ENTRIES SUPPLIED:
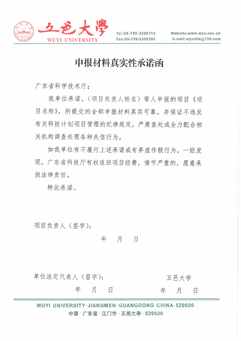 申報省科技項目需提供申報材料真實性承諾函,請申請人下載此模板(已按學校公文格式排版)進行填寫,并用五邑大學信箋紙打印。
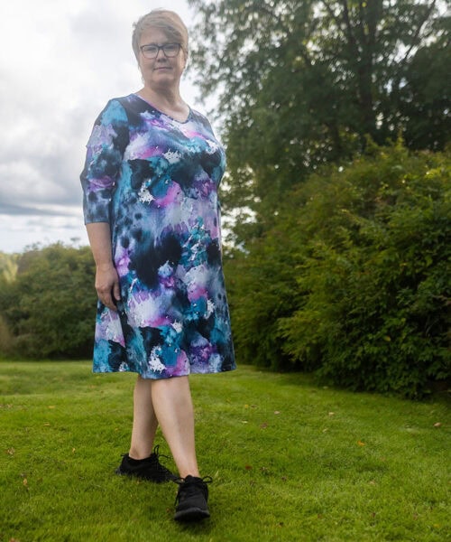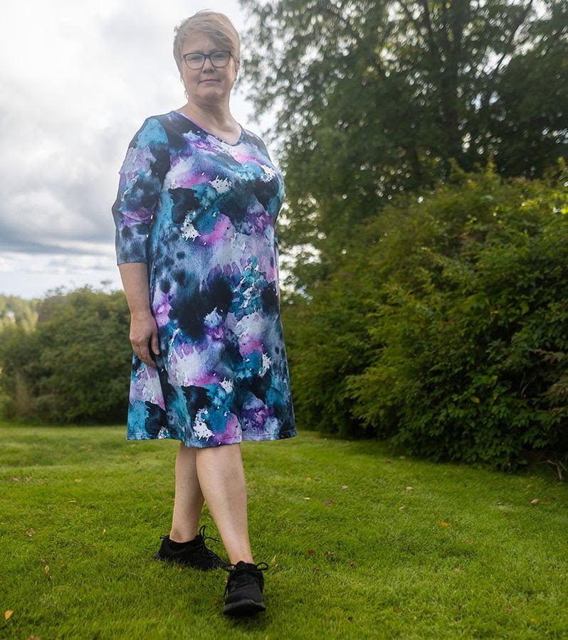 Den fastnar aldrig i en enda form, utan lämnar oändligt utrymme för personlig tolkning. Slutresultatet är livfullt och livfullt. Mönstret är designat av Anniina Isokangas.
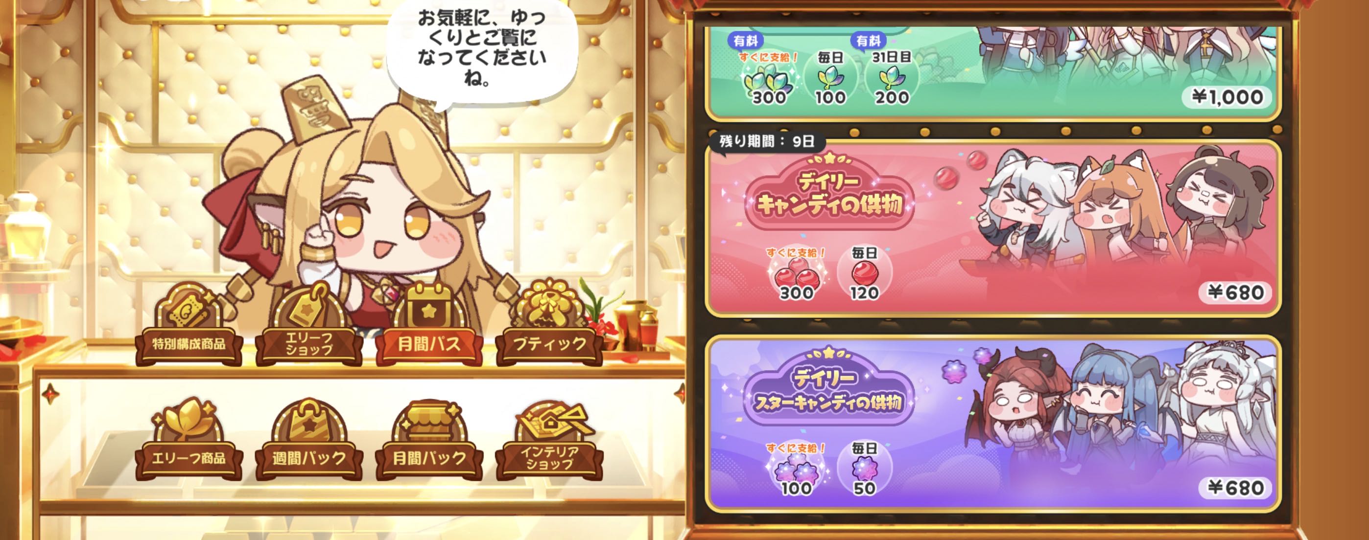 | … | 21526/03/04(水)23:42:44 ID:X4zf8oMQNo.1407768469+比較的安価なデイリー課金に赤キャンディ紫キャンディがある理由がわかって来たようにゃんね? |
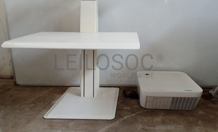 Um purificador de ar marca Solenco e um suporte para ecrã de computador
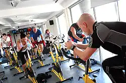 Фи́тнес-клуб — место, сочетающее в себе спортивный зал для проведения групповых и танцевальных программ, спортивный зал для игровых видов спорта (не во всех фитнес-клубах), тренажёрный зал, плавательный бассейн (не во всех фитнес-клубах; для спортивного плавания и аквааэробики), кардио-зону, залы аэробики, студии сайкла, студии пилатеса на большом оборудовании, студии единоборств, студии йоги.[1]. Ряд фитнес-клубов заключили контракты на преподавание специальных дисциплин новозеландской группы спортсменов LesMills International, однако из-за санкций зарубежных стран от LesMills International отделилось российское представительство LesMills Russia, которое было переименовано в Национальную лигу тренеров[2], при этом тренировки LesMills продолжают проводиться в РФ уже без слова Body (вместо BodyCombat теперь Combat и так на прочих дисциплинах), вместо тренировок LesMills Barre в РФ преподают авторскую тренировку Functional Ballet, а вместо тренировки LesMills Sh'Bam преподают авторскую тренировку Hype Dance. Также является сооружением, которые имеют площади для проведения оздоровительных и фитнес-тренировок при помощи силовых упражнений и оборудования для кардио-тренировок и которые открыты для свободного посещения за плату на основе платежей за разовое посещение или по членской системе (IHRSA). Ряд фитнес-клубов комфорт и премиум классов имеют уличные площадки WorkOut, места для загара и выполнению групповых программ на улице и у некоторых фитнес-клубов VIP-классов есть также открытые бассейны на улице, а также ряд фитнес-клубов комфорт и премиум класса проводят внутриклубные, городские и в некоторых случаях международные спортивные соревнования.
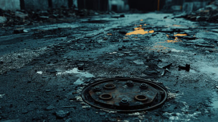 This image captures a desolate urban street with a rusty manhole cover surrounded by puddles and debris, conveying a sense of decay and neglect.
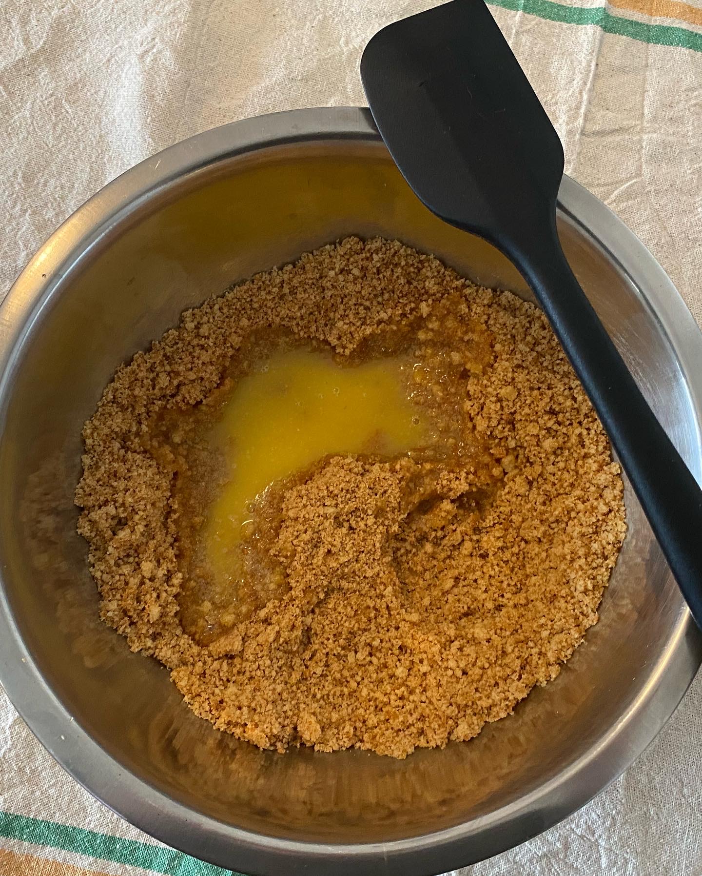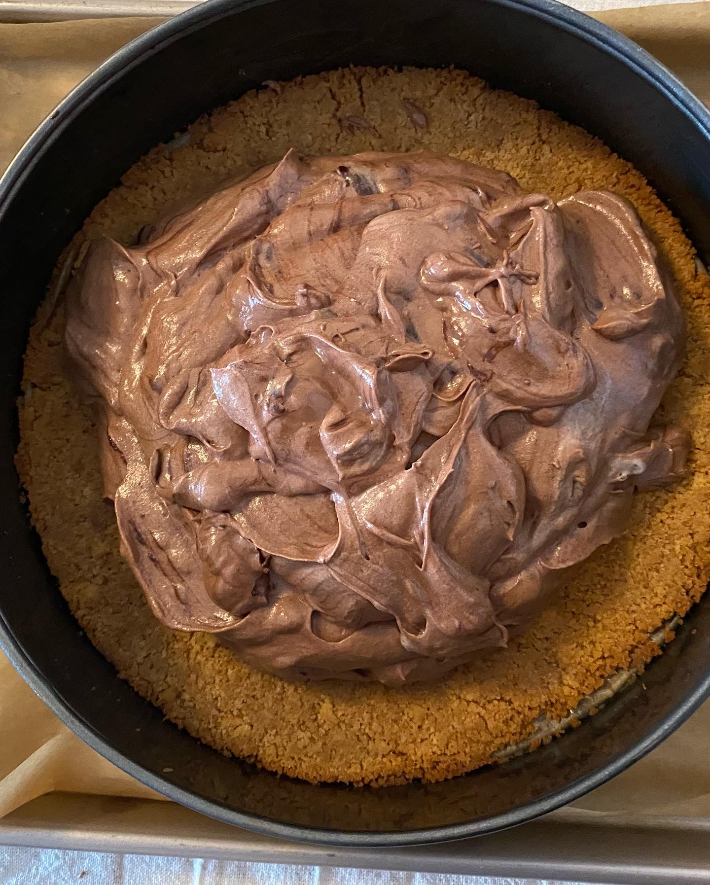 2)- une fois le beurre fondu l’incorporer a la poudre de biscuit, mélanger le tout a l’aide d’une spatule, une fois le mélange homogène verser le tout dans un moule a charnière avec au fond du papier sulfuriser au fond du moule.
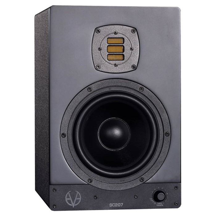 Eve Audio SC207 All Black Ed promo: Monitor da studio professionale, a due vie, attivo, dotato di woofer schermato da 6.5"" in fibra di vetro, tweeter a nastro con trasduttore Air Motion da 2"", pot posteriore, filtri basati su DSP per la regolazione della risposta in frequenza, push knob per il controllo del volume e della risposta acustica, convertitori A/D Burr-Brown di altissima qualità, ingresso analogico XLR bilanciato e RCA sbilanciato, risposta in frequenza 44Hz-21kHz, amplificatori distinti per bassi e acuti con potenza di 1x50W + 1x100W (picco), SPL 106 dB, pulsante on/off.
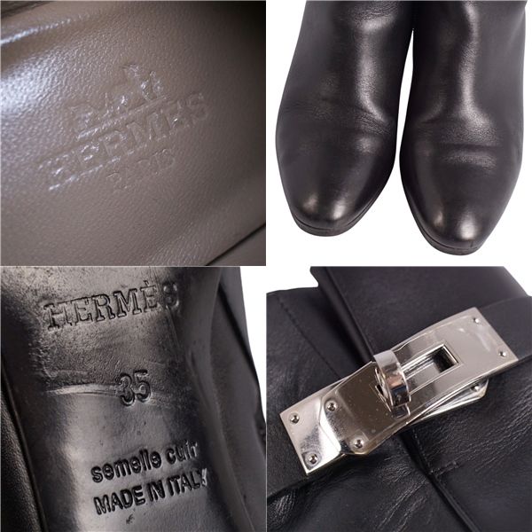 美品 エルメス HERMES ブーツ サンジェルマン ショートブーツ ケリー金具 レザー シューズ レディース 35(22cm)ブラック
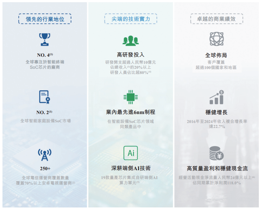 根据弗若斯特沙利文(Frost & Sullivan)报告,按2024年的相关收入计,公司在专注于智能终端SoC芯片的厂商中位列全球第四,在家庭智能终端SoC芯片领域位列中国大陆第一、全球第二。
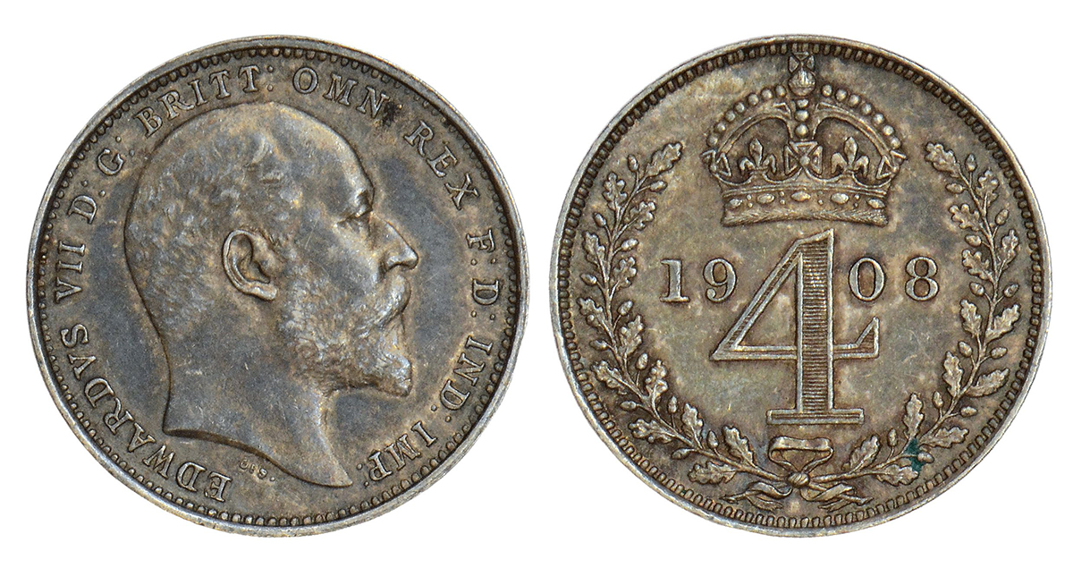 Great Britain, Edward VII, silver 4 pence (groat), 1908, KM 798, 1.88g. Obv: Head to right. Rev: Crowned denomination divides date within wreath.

EXERCISE DETAILS: Output the whole listing exactly. Pictures stay out.

RESPONSE:
 申報省科技項目需提供申報材料真實性承諾函,請申請人下載此模板(已按學校公文格式排版)進行填寫,并用五邑大學信箋紙打印。
 Den fastnar aldrig i en enda form, utan lämnar oändligt utrymme för personlig tolkning. Slutresultatet är livfullt och livfullt. Mönstret är designat av Anniina Isokangas.
 | … | 21526/03/04(水)23:42:44 ID:X4zf8oMQNo.1407768469+比較的安価なデイリー課金に赤キャンディ紫キャンディがある理由がわかって来たようにゃんね? |
 Um purificador de ar marca Solenco e um suporte para ecrã de computador
 Фи́тнес-клуб — место, сочетающее в себе спортивный зал для проведения групповых и танцевальных программ, спортивный зал для игровых видов спорта (не во всех фитнес-клубах), тренажёрный зал, плавательный бассейн (не во всех фитнес-клубах; для спортивного плавания и аквааэробики), кардио-зону, залы аэробики, студии сайкла, студии пилатеса на большом оборудовании, студии единоборств, студии йоги.[1]. Ряд фитнес-клубов заключили контракты на преподавание специальных дисциплин новозеландской группы спортсменов LesMills International, однако из-за санкций зарубежных стран от LesMills International отделилось российское представительство LesMills Russia, которое было переименовано в Национальную лигу тренеров[2], при этом тренировки LesMills продолжают проводиться в РФ уже без слова Body (вместо BodyCombat теперь Combat и так на прочих дисциплинах), вместо тренировок LesMills Barre в РФ преподают авторскую тренировку Functional Ballet, а вместо тренировки LesMills Sh'Bam преподают авторскую тренировку Hype Dance. Также является сооружением, которые имеют площади для проведения оздоровительных и фитнес-тренировок при помощи силовых упражнений и оборудования для кардио-тренировок и которые открыты для свободного посещения за плату на основе платежей за разовое посещение или по членской системе (IHRSA). Ряд фитнес-клубов комфорт и премиум классов имеют уличные площадки WorkOut, места для загара и выполнению групповых программ на улице и у некоторых фитнес-клубов VIP-классов есть также открытые бассейны на улице, а также ряд фитнес-клубов комфорт и премиум класса проводят внутриклубные, городские и в некоторых случаях международные спортивные соревнования.
 This image captures a desolate urban street with a rusty manhole cover surrounded by puddles and debris, conveying a sense of decay and neglect.
 2)- une fois le beurre fondu l’incorporer a la poudre de biscuit, mélanger le tout a l’aide d’une spatule, une fois le mélange homogène verser le tout dans un moule a charnière avec au fond du papier sulfuriser au fond du moule.
 Eve Audio SC207 All Black Ed promo: Monitor da studio professionale, a due vie, attivo, dotato di woofer schermato da 6.5"" in fibra di vetro, tweeter a nastro con trasduttore Air Motion da 2"", pot posteriore, filtri basati su DSP per la regolazione della risposta in frequenza, push knob per il controllo del volume e della risposta acustica, convertitori A/D Burr-Brown di altissima qualità, ingresso analogico XLR bilanciato e RCA sbilanciato, risposta in frequenza 44Hz-21kHz, amplificatori distinti per bassi e acuti con potenza di 1x50W + 1x100W (picco), SPL 106 dB, pulsante on/off.
 美品 エルメス HERMES ブーツ サンジェルマン ショートブーツ ケリー金具 レザー シューズ レディース 35(22cm)ブラック
 根据弗若斯特沙利文(Frost & Sullivan)报告,按2024年的相关收入计,公司在专注于智能终端SoC芯片的厂商中位列全球第四,在家庭智能终端SoC芯片领域位列中国大陆第一、全球第二。
 Great Britain, Edward VII, silver 4 pence (groat), 1908, KM 798, 1.88g. Obv: Head to right. Rev: Crowned denomination divides date within wreath.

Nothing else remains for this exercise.